* **PROBLEM DETAILS**:
Begin your copy at the line with "বইয়ের নামঃ গুরুত্বপূর্ণ" in the records below and end it at the line with "Table 4 shows", restating each line word for word; omit the pictures.

* **DATASET ENTRIES**:
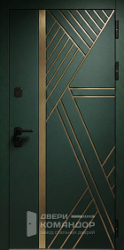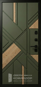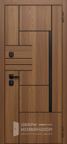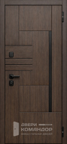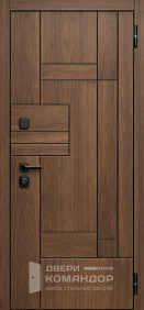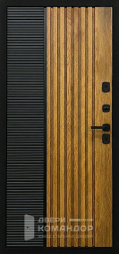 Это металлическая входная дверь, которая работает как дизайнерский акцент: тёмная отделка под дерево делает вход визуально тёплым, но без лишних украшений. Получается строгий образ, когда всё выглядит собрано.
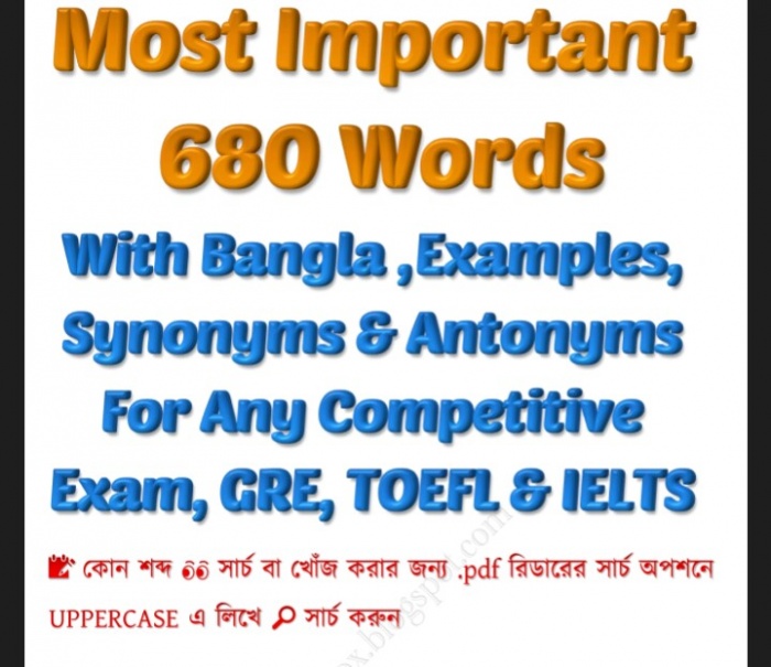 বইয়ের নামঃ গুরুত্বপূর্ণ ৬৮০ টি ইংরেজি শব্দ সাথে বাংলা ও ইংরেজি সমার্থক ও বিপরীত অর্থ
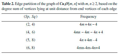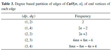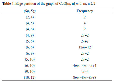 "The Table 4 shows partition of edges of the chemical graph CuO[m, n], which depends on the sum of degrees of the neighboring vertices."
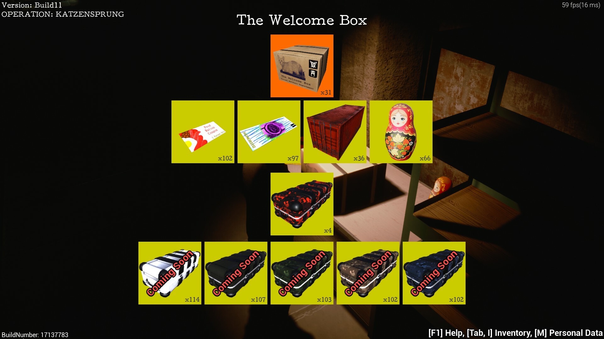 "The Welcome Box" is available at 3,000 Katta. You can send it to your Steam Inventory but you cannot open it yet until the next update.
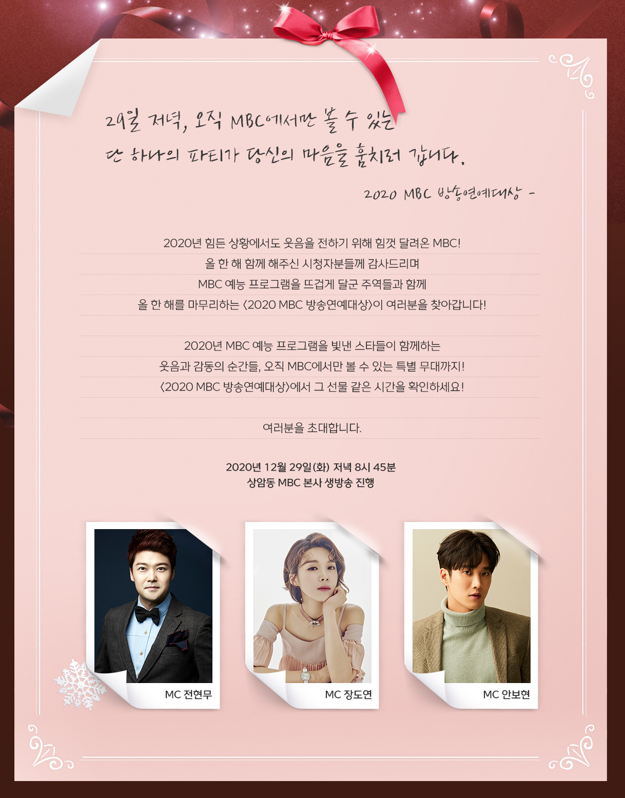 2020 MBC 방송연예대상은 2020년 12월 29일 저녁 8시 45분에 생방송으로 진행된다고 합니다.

---

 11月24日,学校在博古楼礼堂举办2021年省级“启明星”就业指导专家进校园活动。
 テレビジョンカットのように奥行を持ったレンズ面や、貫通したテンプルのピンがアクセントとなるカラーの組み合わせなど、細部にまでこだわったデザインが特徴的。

* **ANSWER SECTION**:
 বইয়ের নামঃ গুরুত্বপূর্ণ ৬৮০ টি ইংরেজি শব্দ সাথে বাংলা ও ইংরেজি সমার্থক ও বিপরীত অর্থ
 "The Table 4 shows partition of edges of the chemical graph CuO[m, n], which depends on the sum of degrees of the neighboring vertices."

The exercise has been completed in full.